I'll have some of that BeautifulSoup

My friend mentioned he was trying to use BeautifulSoup but facing some challenges. BeautifulSoup and lxml are the usual suspects when it comes to doing web scraping (and using requests itself to pull the data in). But I have to admit, most of the time I don't use any of these. You see, I'm lazy, and typically these solutions require too much work. If you want to see what I'm talking about, you can check using-python-beautifulsoup-to-scrape-a-wikipedia-table

I don't like to type more code than I need to. At any rate, the goal was to get the web page, parse two tables and then load the data in a pandas data frame to do further analysis, plots etc.

Enter the Pandas

And it's not even the Kung Fu Panda, just good old Pandas, the data wrangling tool par excellence (https://pypi.python.org/pypi/pandas/0.17.1).

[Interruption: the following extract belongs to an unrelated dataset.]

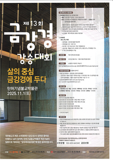 ±Ý°¼±¿øÀº ´ëÇѺұ³Á¶°èÁ¾ÀÇ ¼ÒÀǰæÀüÀÎ ±Ý°°æÀÇ Âü¶æÀ» ¿Ã¹Ù·Î ÀÌÇØÇÏ°í ³Î¸® ¾Ë¸®¸ç, źÇã±â³äºÒ±³¹Ú¹°°ü °³°ü±â³äÀÇ ÀÏȯÀ¸·Î ºÒ±â 2569(2025)³â 11¿ù 1ÀÏ(Åä)¿ÀÀü 8½Ã 30ºÐºÎÅÍ ¡®Á¦13ȸ ±Ý°°æ°¼Û´ëȸ¡¯¸¦ °³ÃÖÇÑ´Ù.

Everybody knows, I hope, that it has a superb support for loading excel and CSV files. It's why Python is the number 1 data wrangling programming language.

But what about loading tables from wikipedia web pages, surely there is nothing that can simplify this, is there? If you've attended all PYPTUG meetings, you already know the answer.

 import pandas as pd  
   
 wiki_df = pd.read_html("https://en.wikipedia.org/w/index.php?title=List_of_James_Bond_films&oldid=688916363", header=0)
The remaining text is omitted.